The Java development landscape has changed radically since Java technology first emerged. Thanks to mature open source frameworks and reliable for-rent deployment infrastructures, it's now possible to assemble, test, run, and maintain Java applications quickly and inexpensively. In this series, Andrew Glover explores the spectrum of technologies and tools that make this new Java development paradigm possible.

Throughout this series, I've shared with you a number of non-relational data stores, collectively dubbed NoSQL. In a recent article I showed you how a document-oriented datastore (CouchDB) differs vastly from schema-oriented relational databases. What's more, CouchDB's entire API is RESTful and supports a different means of querying: MapReduce functions defined in JavaScript. Obviously, this is a break from the traditional world of JDBC.

I have also recently written about Google's Bigtable, which isn't a relational or document-oriented data solution (and, incidentally, doesn't support JDBC in any way). Bigtable is what's known as a key/value store. That is, it's schemaless and allows you to store basically anything you'd like whether that be an instance of a parking ticket, a list of races, or even the runners in a race. Bigtable's lack of a schema offers a tremendous amount of flexibility, which supports rapid development.

Video demo: An introduction to Amazon SimpleDB

Follow along as Andrew Glover guides you through an introduction to SimpleDB, a massively scalable, highly available key/value datastore. Part of the Amazon Web Services suite, SimpleDB provides a simple web services interface to create and store multiple data sets, query the data, and return the results.

Bigtable isn't the only key/value datastore we have to choose from. Amazon has its own cloud-based key/value store dubbed Amazon SimpleDB. While Bigtable is exposed to Java developers through an abstraction facilitated by the Google App Engine, Amazon's SimpleDB is exposed via a web service interface. Thus, you can manipulate the SimpleDB datastore via the web and HTTP. Bindings on top of Amazon's Web Service infrastructure make it possible to leverage SimpleDB using the language of your choice, with options that include PHP, Ruby, C#, and the Java language.

This month, I'll introduce you to SimpleDB by way of Amazon's official SDK. I'll use another back-to-the-races example to demonstrate one of the more unusual facets of this powerful, cloud-based datastore: lexicographic searching.

Introducing SimpleDB

Develop skills on this topic

This content is part of a progressive knowledge path for advancing your skills.

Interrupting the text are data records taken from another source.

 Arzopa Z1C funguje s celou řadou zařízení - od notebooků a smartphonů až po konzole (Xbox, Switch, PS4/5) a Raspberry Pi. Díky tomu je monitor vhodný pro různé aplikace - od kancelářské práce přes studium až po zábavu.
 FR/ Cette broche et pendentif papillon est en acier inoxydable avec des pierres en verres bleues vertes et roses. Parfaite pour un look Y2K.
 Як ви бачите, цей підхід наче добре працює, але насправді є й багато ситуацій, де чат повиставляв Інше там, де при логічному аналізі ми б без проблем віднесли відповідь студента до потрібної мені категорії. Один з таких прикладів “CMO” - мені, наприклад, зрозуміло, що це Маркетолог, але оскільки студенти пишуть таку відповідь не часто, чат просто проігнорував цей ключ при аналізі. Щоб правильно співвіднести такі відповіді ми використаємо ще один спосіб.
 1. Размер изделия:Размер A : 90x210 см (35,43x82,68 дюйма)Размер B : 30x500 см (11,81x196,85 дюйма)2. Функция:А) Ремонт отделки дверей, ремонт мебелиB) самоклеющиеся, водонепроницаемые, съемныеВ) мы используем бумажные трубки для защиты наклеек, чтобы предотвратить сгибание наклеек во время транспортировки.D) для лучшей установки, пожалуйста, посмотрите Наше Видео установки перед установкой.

See Using NoSQL and analyzing big data

Under the hood, SimpleDB is a massively scalable, highly available datastore written in Erlang. Conceptually, it's like Amazon's S3. Whereas S3 has objects located in buckets, SimpleDB is logically defined as domains containing items. SimpleDB also permits items to contain attributes. Think of a domain much like you would a bucket in S3, or a table in the relational sense (or more appropriately, Bigtable's "kind" notion). But be careful not to project relational-ness into your concept of SimpleDB, because it's ultimately just as schemaless as Bigtable. Domains can have many items (which are similar to rows) and items can have many attributes (which are like columns in the relational world).

SimpleDB's 'eventual consistency'

The CAP theorem (see Resources) states that a distributed system can't be highly available, scalable, and guarantee consistency all at once; instead, a distributed system can only support two of these three qualities at any given time. Accordingly, SimpleDB guarantees a highly available and scalable datastore that doesn't support immediate consistency. What SimpleDB does support is eventual consistency, which isn't as bad as you might think.

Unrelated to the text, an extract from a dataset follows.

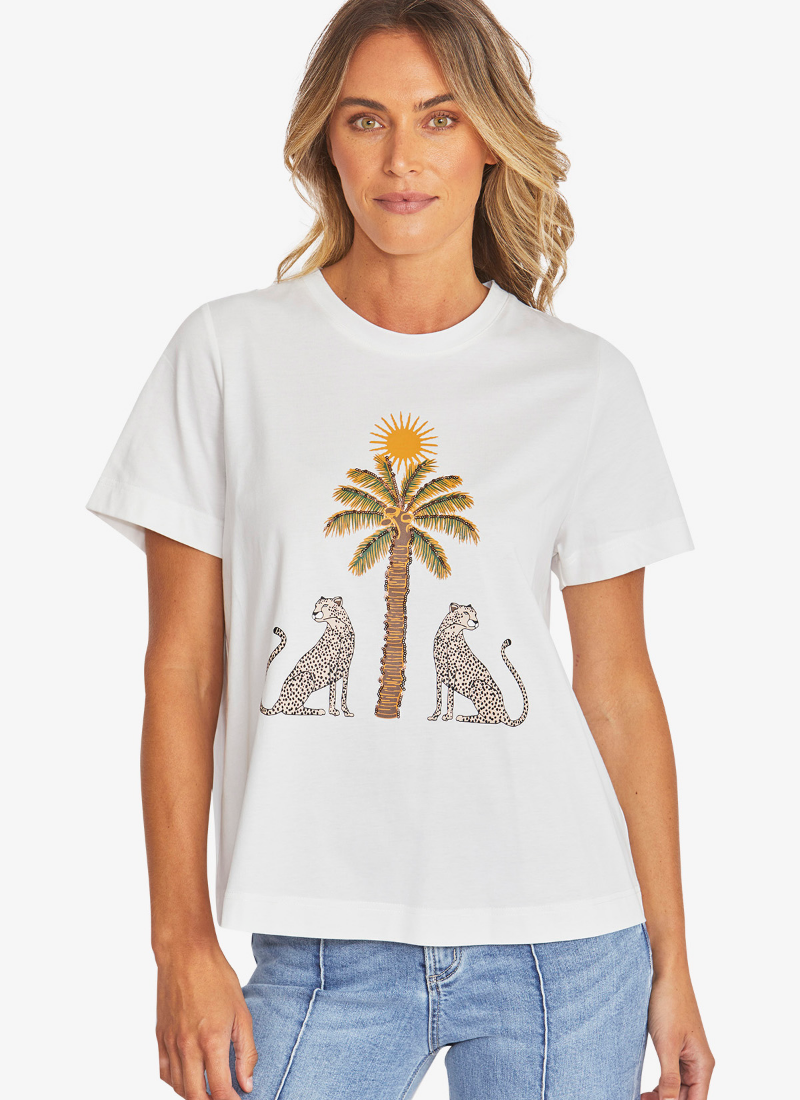 Introducing the Ping Pong Cheetah Tee Ivory — a relaxed graphic tee that brings playful safari charm to your everyday wardrobe. Perfect as a casual staple, it features a bold palm-and-cheetah print on an ivory backdrop.
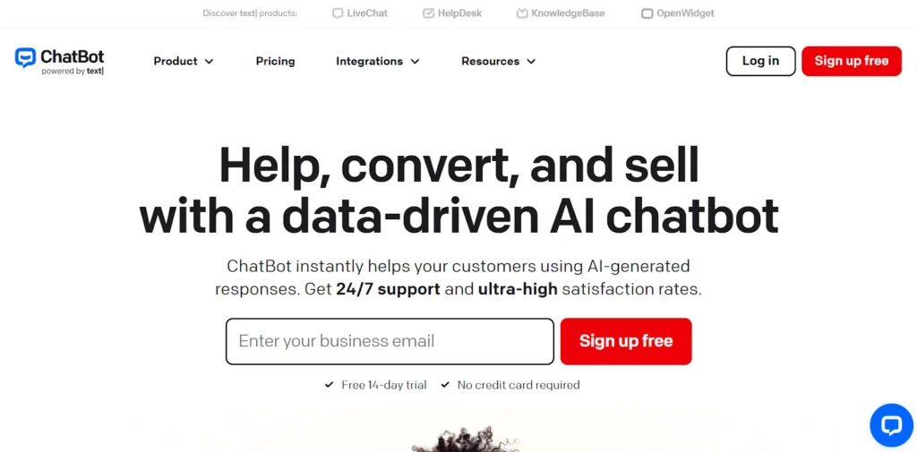 Pricing: ChatBot offers a 14-day free trial (no credit card required). Its Starter plan is $52/month, which gives you 1 active chatbot and 12,000 chats/year.

In Amazon's case, eventual consistency means that things become consistent across all nodes (albeit within a region) within seconds. What you trade for that mere sliver of time where two concurrent processes may (just may) read two differing instances of the same data is massive reliability and at a very affordable price. (You only need to price out commercial entities offering similar reliability to see the difference.)

Attributes are really just name/value pairs (sounds like Bigtable, no?) and the "pair" aspect isn't limited to one value. That is, an attribute name can have a collection (or list) of associated values; a word item could, for example, have multiple-definition attribute values. What's more, all data within SimpleDB is represented as a String, which is distinctly different from Bigtable or even a standard RDBMS, which typically support myriad datatypes.

SimpleDB's single-datatype approach to attribute values could be a benefit or a limitation, depending on how you look at it. Either way, it does have implications for how queries are run (more about that shortly). SimpleDB also doesn't support the notion of cross-domain joins, so you can't query for items in multiple domains. You could, however, overcome this limitation by performing multiple SimpleDB queries and doing the join on your end.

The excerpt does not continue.